|Publication number||US3941088 A|
|Application number||US 05/488,570|
|Publication date||Mar 2, 1976|
|Filing date||Jul 15, 1974|
|Priority date||Oct 31, 1972|
|Publication number||05488570, 488570, US 3941088 A, US 3941088A, US-A-3941088, US3941088 A, US3941088A|
|Inventors||Arnold Ronafoldi, Istvan Zoltan|
|Original Assignee||Csongradmengyei Tanacs Vegyesiparm Szolgaltato Vallalat|
|Export Citation||BiBTeX, EndNote, RefMan|
|Patent Citations (8), Referenced by (14), Classifications (11)|
|External Links: USPTO, USPTO Assignment, Espacenet|
This is a continuation-in-part application of the applicants' co-pending patent application Ser. No. 302,563, filed Oct. 31, 1972 for "Standing-Wave Metallising Device", now abandoned.

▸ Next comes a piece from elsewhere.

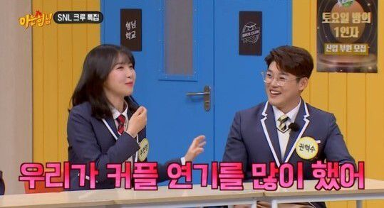 주현영은 ‘따로 만났냐’는 질문에 웃으며 “우리가 커플 연기를 아주 많이 했다”라며 “그래서 ‘SNL’ 안에서 소문이 났더라. PD님도 나한테 오셔서 솔직하게 얘기하라고 물어보시는데 우리는 이 상황이 그냥 재밌다”고 해명했다. 권혁수도 “(PD가) 나한테도 그런 적 있다”고 덧붙였다.
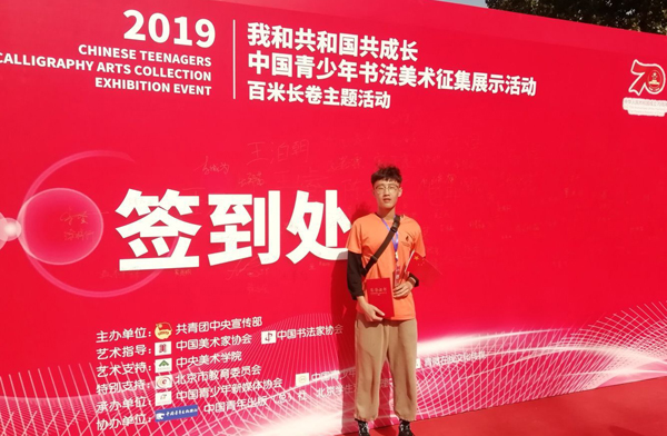 據悉,“我和共和國共成長”共繪百米長卷活動是2019中國青少年書法美術征集展示活動的重要組成部分。該活動由共青團中央宣傳部主辦,6月啟動,面向廣大青少年書法美術愛好者征集作品。所有通過審核的征集作品按照專家意見和網絡點贊的權重,綜合得分評選出入圍作品,再從入圍作品中遴選出赴京參加“我和共和國共成長”百米長卷現場創作活動的人選。美術學院學生黨員遲浩恩的作品《黃山建筑寫生》從全國萬余份入圍作品中脫穎而出,遲浩恩本人也因此受邀進京參加百米長卷現場創作活動。據現場相關負責人介紹,“這幅匯聚了百余位藝術愛好者和多位書法、美術界專家的作品,將作為慶祝中華人民共和國成立70周年的禮物收藏,這對每一位創作者來說都意義非凡。”

The invention relates in general to standing-wave metallizing apparatus suitable for coating materials or substrates, predominantly material strips such as wires, plates, suspended individual metal objects, with a metal of a melting point lower than that of the basic material or substrate, for instance with tin, lead, zinc, and further for coating boards with solder that are provided with printed circuits and/or for their sealing in the assembled state. This type of apparatus is generally referred to as a standing-wave or wave-soldering device.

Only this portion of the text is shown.